Lilly sets Saffron down smoothly in a nice little clearing. There are even some trees and a stream nearby. Imogen remains below deck, holding the cloak up as long as she can to buy Lilly enough time for physical camouflage. The large branches and leaves Lilly uses will provide some cover from eyes in the sky, but they will not fool anyone on the ground. And it would take far too much mud to conceal Saffron completely. Lilly has just finished her screen when the cloak suddenly collapses.

Between the shotgun wounds and the mental effort of holding the cloak, Imogen is taxed beyond her limit. A surge of energy she cannot control rips through the glove. Pain spikes through Imogen’s arm, and she yanks it out of the glove as the thing catches fire. It falls to the floor, disintegrating into a pile of ash. The mini-reactor fares better; it is spent but still sound. They should be able to recharge it under less harrowing conditions, though it probably needs a tune-up. Old Red likely needs a refuel, as well.

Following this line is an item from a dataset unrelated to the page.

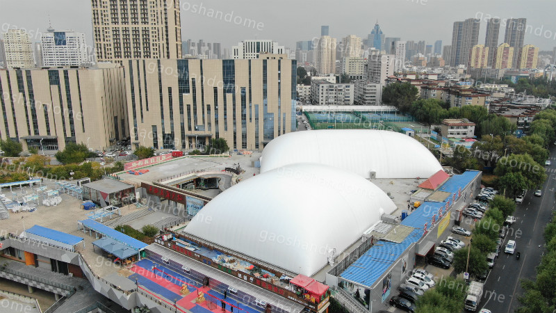 氣膜,是一種全部膜材建筑,內(nèi)部無梁無柱,全部由空氣支撐,全封閉,內(nèi)外產(chǎn)生壓差,通過全自動系統(tǒng)自動調(diào)節(jié),遠程控制等智能系統(tǒng),是新的覆蓋產(chǎn)品,適用于煤場,礦山等大型倉儲,單體面積可達到幾萬平方米,車輛出入自如,超大空間提高了人們的想象力。簡單一句話:就是靠氣吹的。
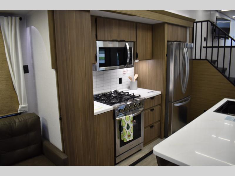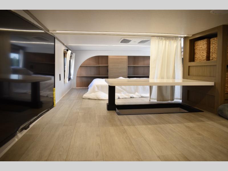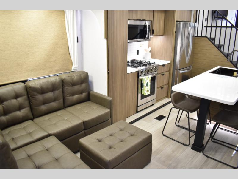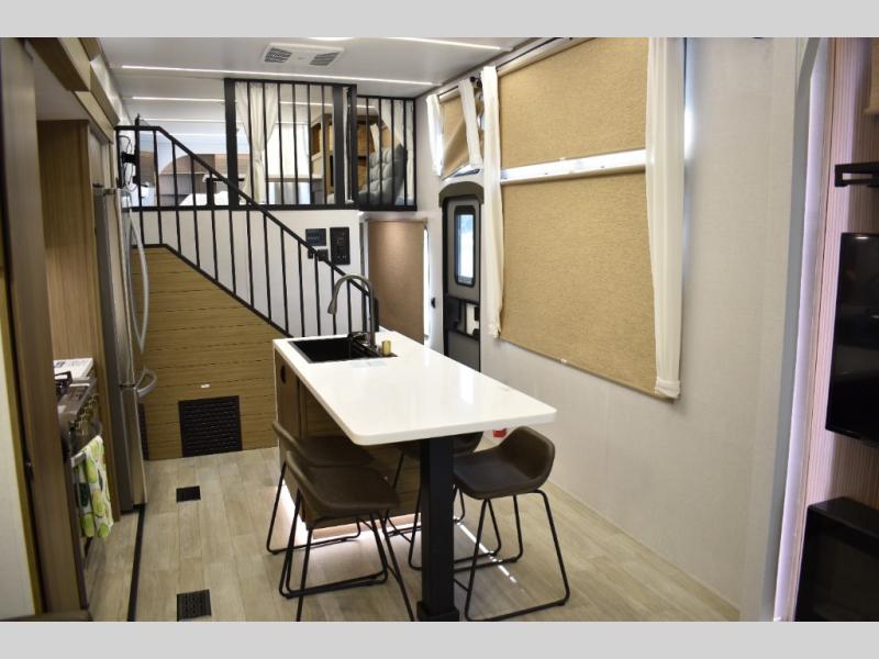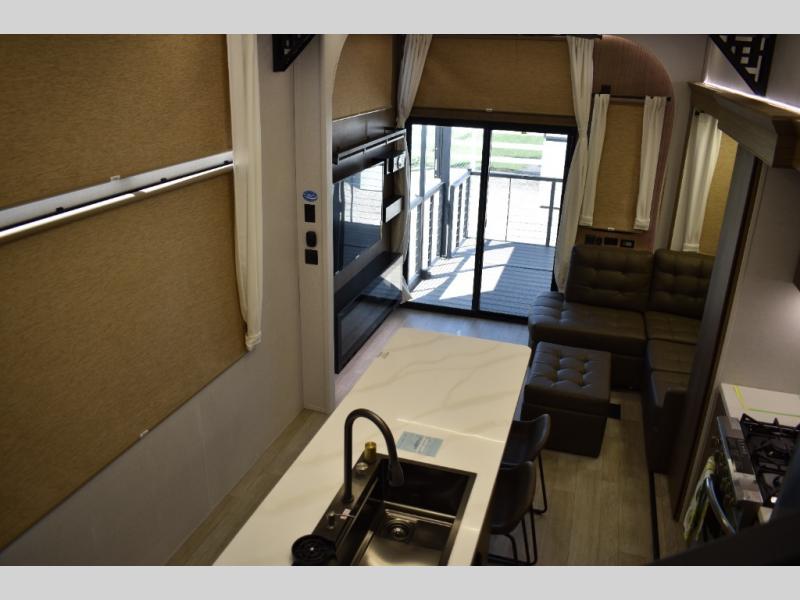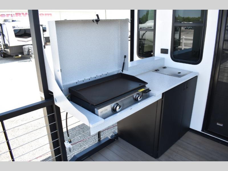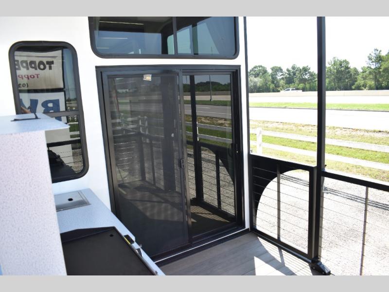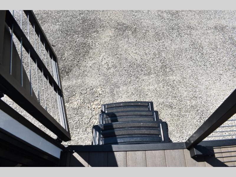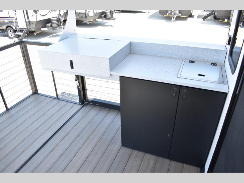 One look at this destination trailer and you'll be sold! The rear porch/veranda includes an outdoor kitchen with a cooktop and sink plus a ceiling fan so you can sit out back and visit with friends. The L-shaped sofa with an ottoman inside will provide cozy seating space, especially with the fireplace right across the room. Your crew can dine at the kitchen island with four chairs, and there is a large pantry where snacks can be kept for game night. When it's time to call it a night, the front private bedroom with a Versa-Tilt custom king bed is sure to bring comfort, and there is a dresser and wardrobe for your things. A third wardrobe includes washer and dryer prep if you choose to add those appliances. Any guests that aren't sleeping on the sofa can sleep in the loft with a queen bed, large front cabinet with shelves, and an additional cabinet for storage. You will also find a table with space below for your feet, so the kids can color, eat, and play games!

Imogen pushes aside cables and crawls out of her nest of sparking technology. She pulls herself back into the central hub and joins Lilly at the sensors where she is monitoring their pursuers. There is one more thing Imogen has to do before she collapses. “Durian was there,” she tells Lilly soberly. “He’ll know we did this. But you can’t call him.”

Lilly turns to Imogen, completely confused by the incongruous statement. “Durian was… where?!”